At first look, we know that we can do a linear search in O(n) time. But linear search does not need the elements to be sorted in any way.
First, we know that it is a sorted array that’s been rotated. Although we do not know where the rotation pivot is, there is a property we can take advantage of. Here, we make an observation that a rotated array can be classified as two sub-array that is sorted (i.e., 4 5 6 7 0 1 2 consists of two sub-arrays 4 5 6 7 and 0 1 2.
Do not jump to conclusion that we need to first find the location of the pivot and then do binary search on both sub-arrays. Although this can be done in O(lg n) time, this is not necessary and is more complicated.
In fact, we don’t need to know where the pivot is. Look at the middle element (7). Compare it with the left most (4) and right most element (2). The left most element (4) is less than (7). This gives us valuable information — All elements in the bottom half must be in strictly increasing order. Therefore, if the key we are looking for is between 4 and 7, we eliminate the upper half; if not, we eliminate the bottom half.
When left index is greater than right index, we have to stop searching as the key we are finding is not in the array.
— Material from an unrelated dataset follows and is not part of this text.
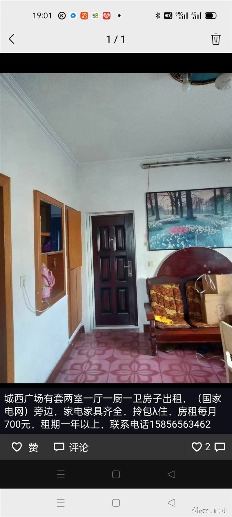 城西广场旁边,有一套两室一厅一厨一卫出租,交通方便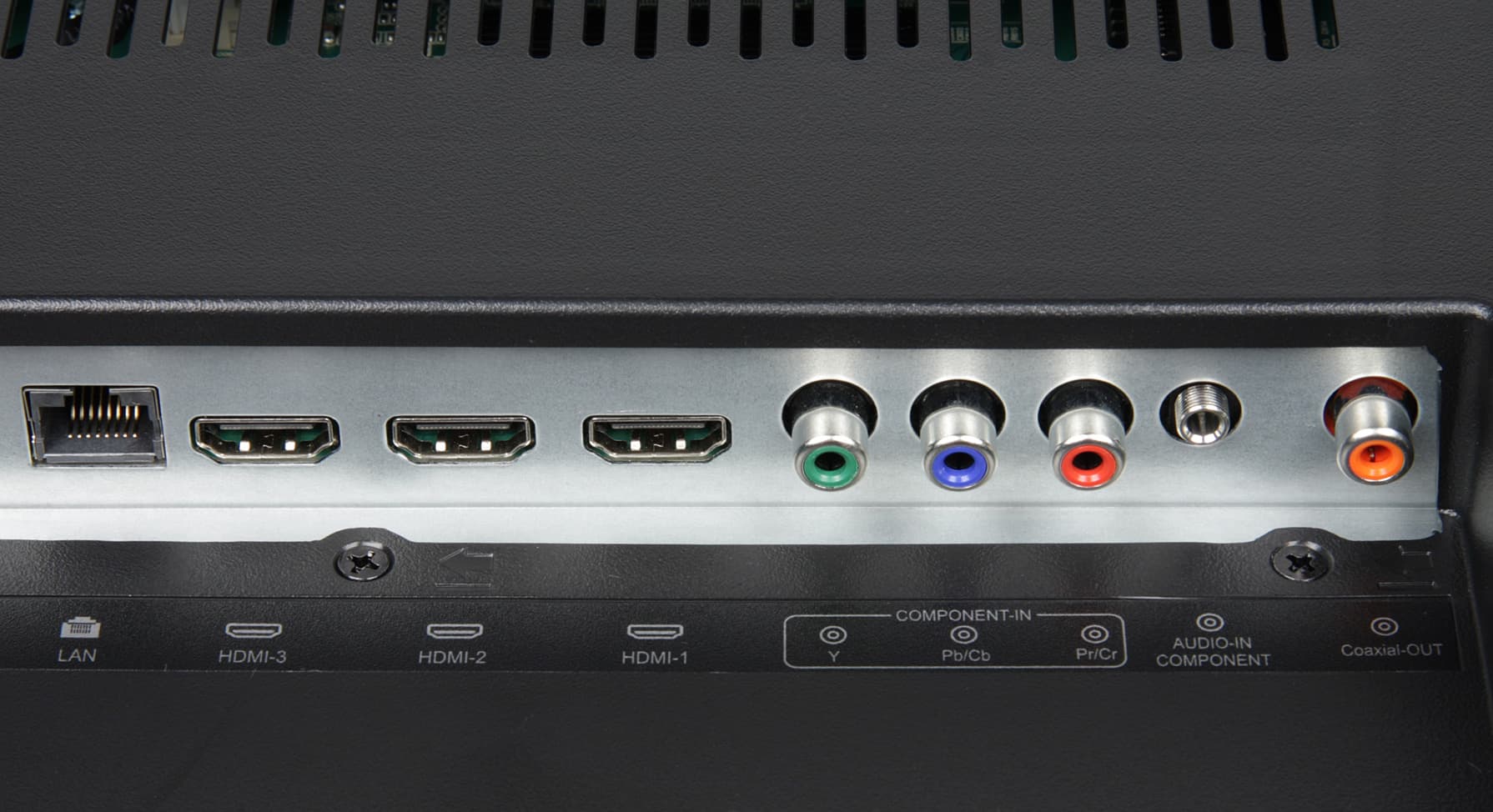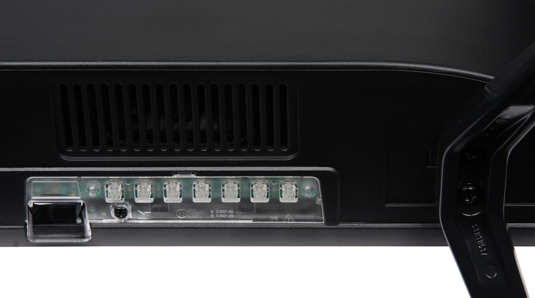 Разъемы размещены на двух торцах выступающего назад пластикового кожуха. Часть разъемов направлена вниз, часть вбок, назад ничего не торчит, что хорошо. Спереди дотягиваться до разъемов, например, до разъема для наушников непросто. Кабель питания неотсоединяемый. Таблица с характеристиками в начале статьи дает представление о коммуникационных возможностях телевизора. Большинство разъемов стандартные, полноразмерные и размещены более-менее свободно. Претензии можно предъявить к тесно расположенным входам USB и к аудиовходу для компонентного видеовхода в виде разъема миниджек 3,5 мм на 3 контакта. Но производитель приложил переходник на более привычные RCA.

Since we reduce the search space by half each time, the complexity must be in the order of O(lg n). It is similar to binary search but is somehow modified for this problem. In fact, this is more general than binary search, as it works for both rotated and non-rotated arrays.
int rotated_binary_search(int A[], int N, int key) {
int L = 0;
int R = N - 1;
while (L <= R) {
// Avoid overflow, same as M=(L+R)/2
int M = L + ((R - L) / 2);
if (A[M] == key) return M;
// the bottom half is sorted
if (A[L] <= A[M]) {
if (A[L] <= key && key < A[M])
R = M - 1;
else
L = M + 1;
}
// the upper half is sorted
else {
if (A[M] < key && key <= A[R])
L = M + 1;
else
R = M - 1;
}
}
return -1;
}